Prompt — Images are to be excluded from the copy, and the records below reproduced word for word.

■ ■ ■

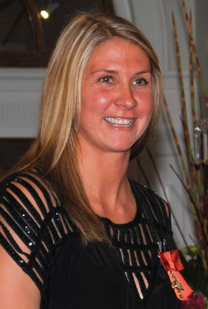 Casey Williams (later Kopua), after her investiture as ONZM, for services to netball, at Government House, Wellington, on 4 August 2011.
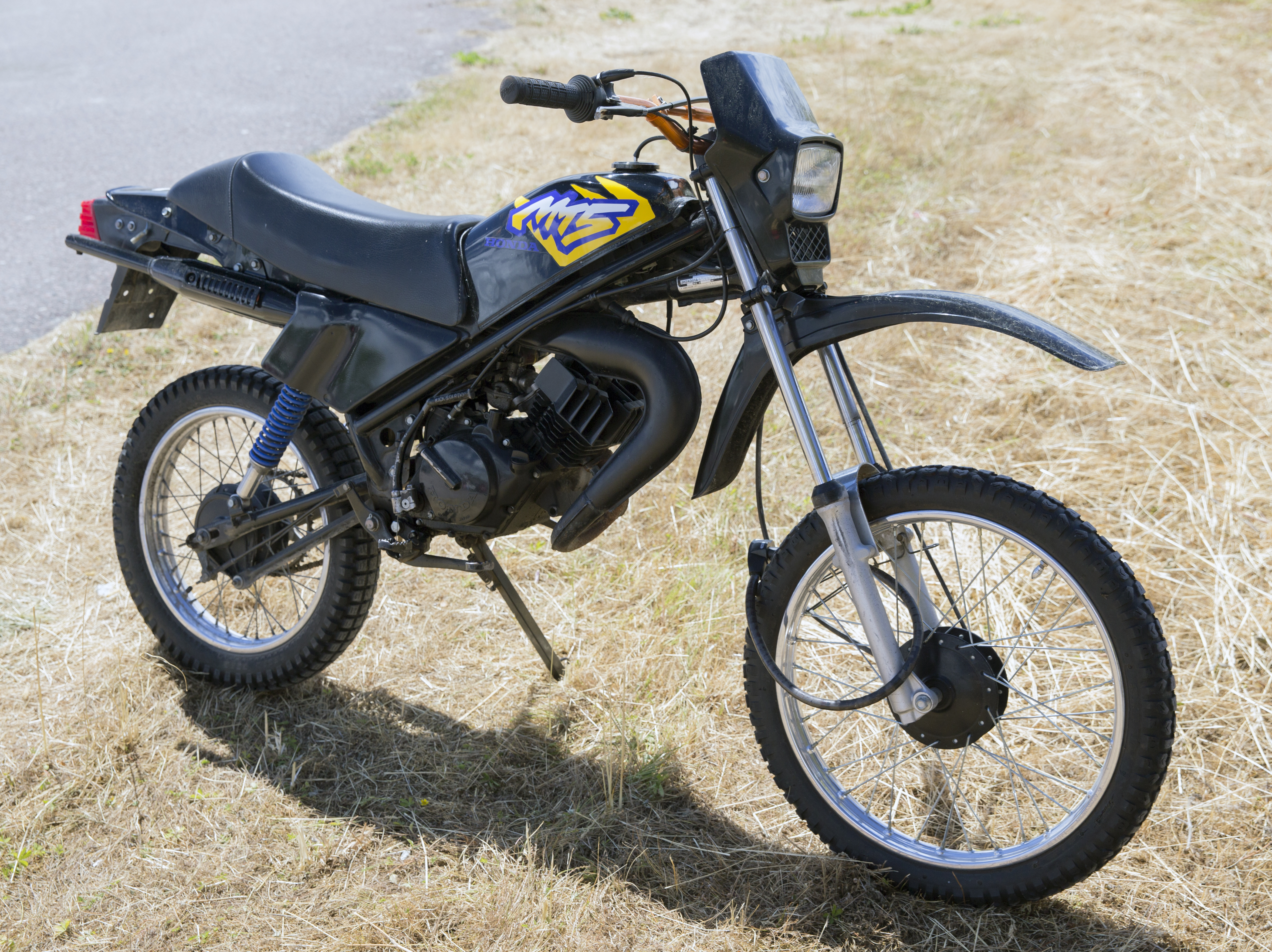 1996 Honda MT-5 seen on Öland, Sweden. Assembled in Spain, judging by the Spanish-language chassis plate.
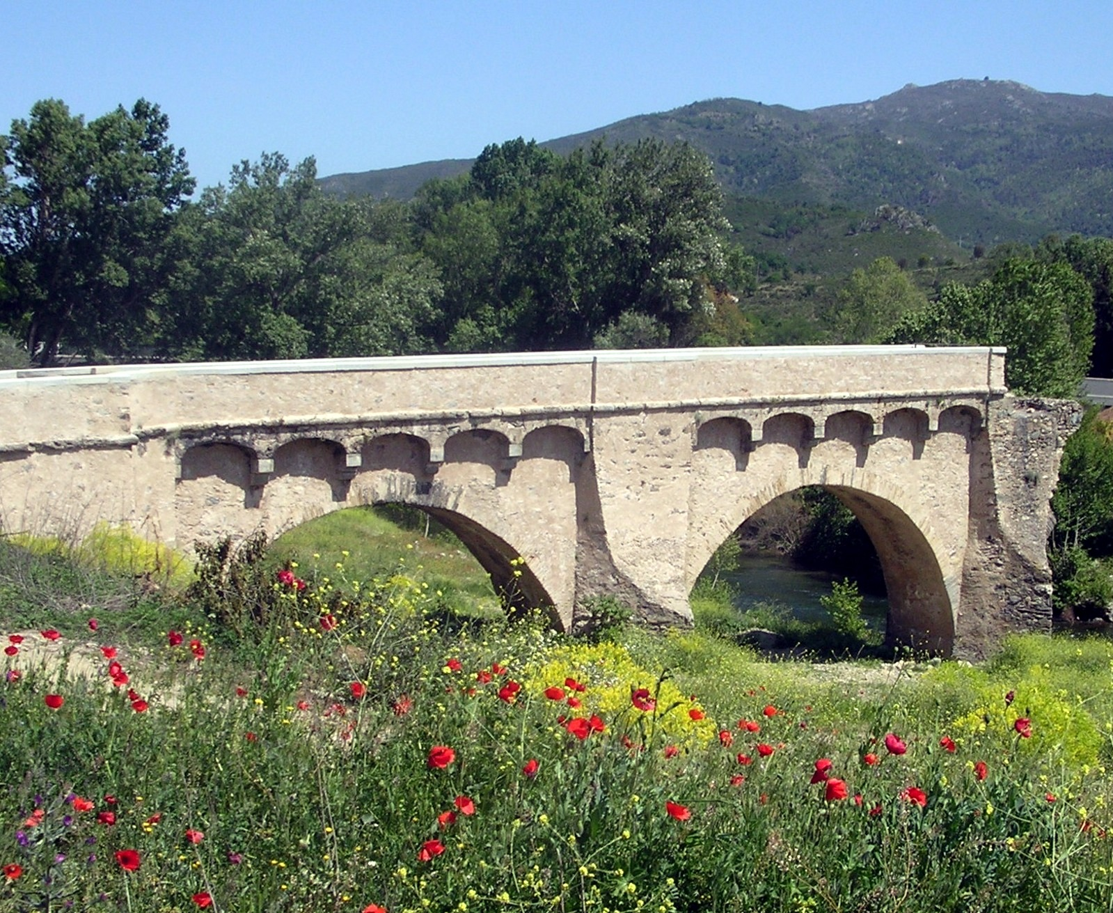 It's the famous bridge of Ponte Novu, in 2008. Beautiful partial restoration work. Corsu: Oghje u ponte bellu risurcitu, in aspettendu ch'ellu ci risorci sanu.
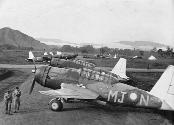 A line up of Vultee Vengeance dive bomber aircraft of No. 21 Squadron RAAF in the dispersal area of Nadzab airdrome, Markham Valley, Morobe Province, Papua New Guinea. In the foreground is aircraft coded MJ-N, RAAF s/n A27-60.
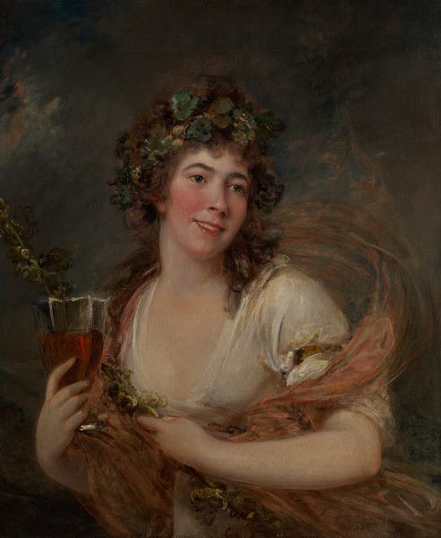 Margaret Martyr as Euphrosyne in George Colman the Elder's 'Comus'
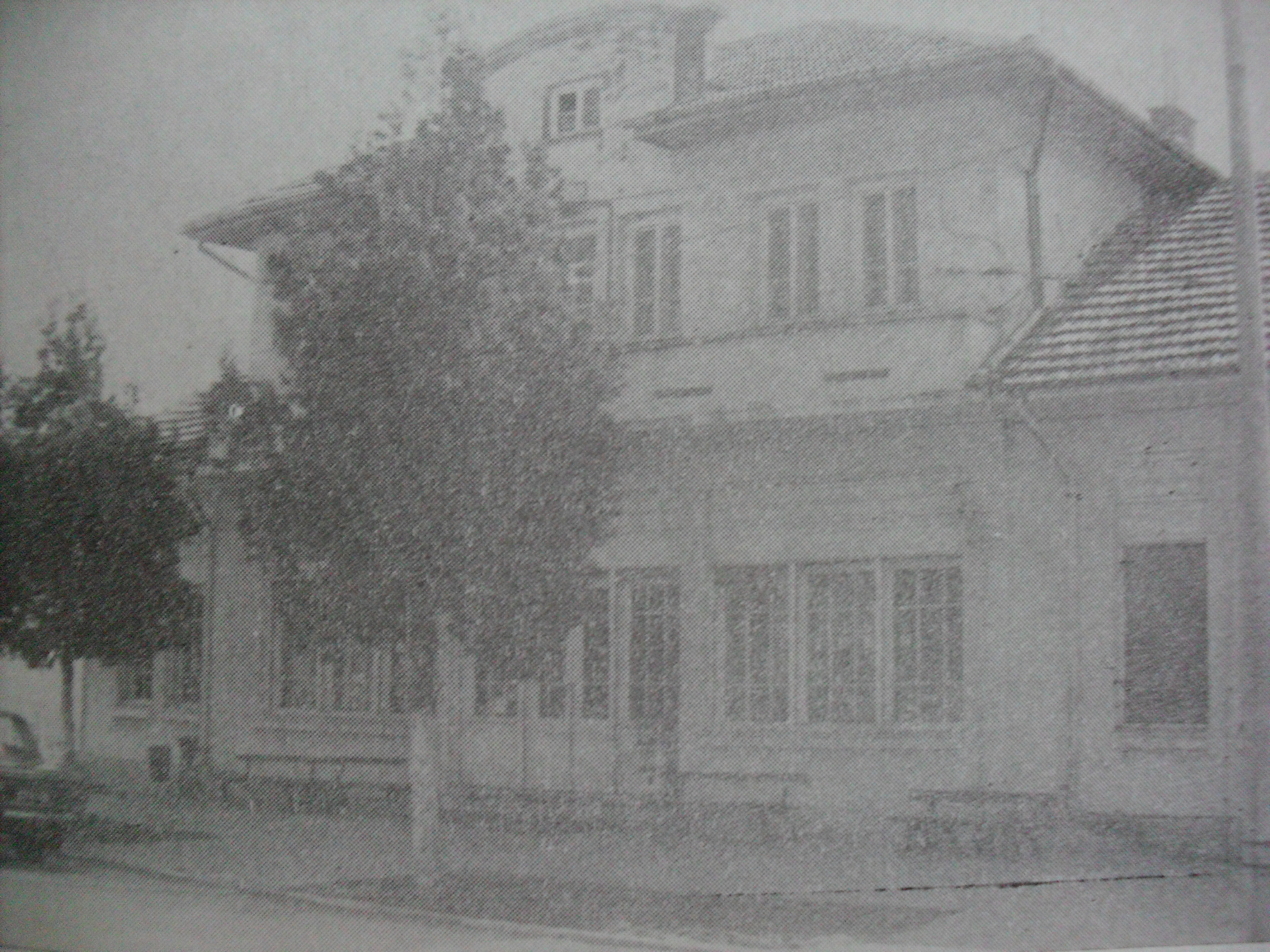 New building in Polski Senovets
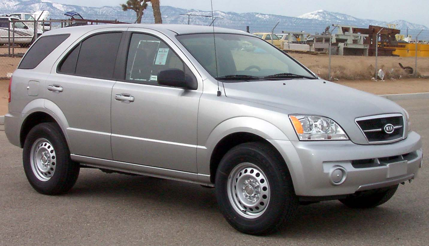 2003 Kia Sorento photographed in USA.
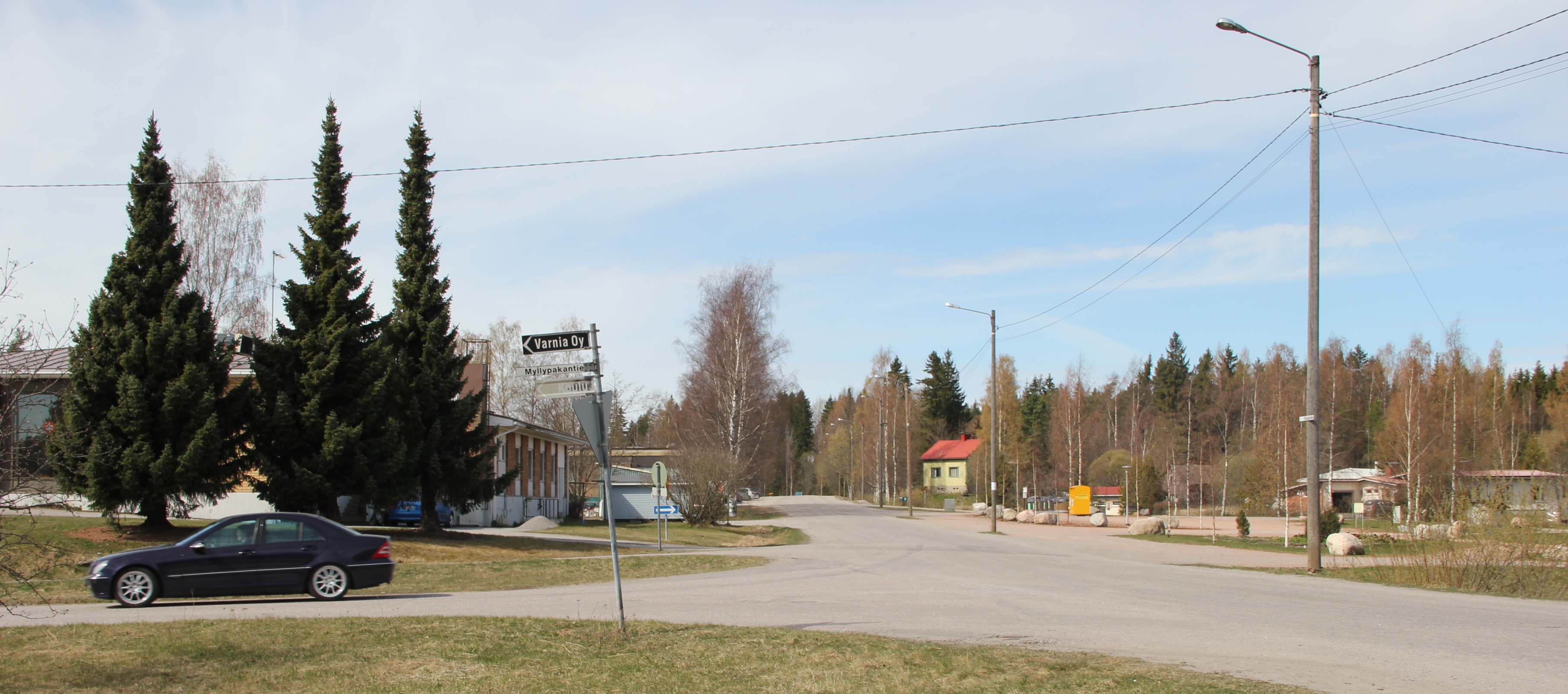 Kitula village, Suomusjärvi, Salo. Street Urheilutie
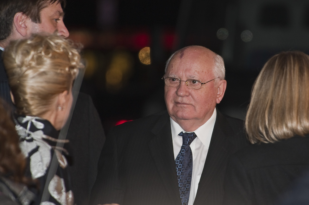 Michail Sergejewitsch Gorbatschow arriving at the Cinema For Peace gala 2010.

■ ■ ■

Answer below —
 Casey Williams (later Kopua), after her investiture as ONZM, for services to netball, at Government House, Wellington, on 4 August 2011.
 1996 Honda MT-5 seen on Öland, Sweden. Assembled in Spain, judging by the Spanish-language chassis plate.
 It's the famous bridge of Ponte Novu, in 2008. Beautiful partial restoration work. Corsu: Oghje u ponte bellu risurcitu, in aspettendu ch'ellu ci risorci sanu.
 A line up of Vultee Vengeance dive bomber aircraft of No. 21 Squadron RAAF in the dispersal area of Nadzab airdrome, Markham Valley, Morobe Province, Papua New Guinea. In the foreground is aircraft coded MJ-N, RAAF s/n A27-60.
 Margaret Martyr as Euphrosyne in George Colman the Elder's 'Comus'
 New building in Polski Senovets
 2003 Kia Sorento photographed in USA.
 Kitula village, Suomusjärvi, Salo. Street Urheilutie
 Michail Sergejewitsch Gorbatschow arriving at the Cinema For Peace gala 2010.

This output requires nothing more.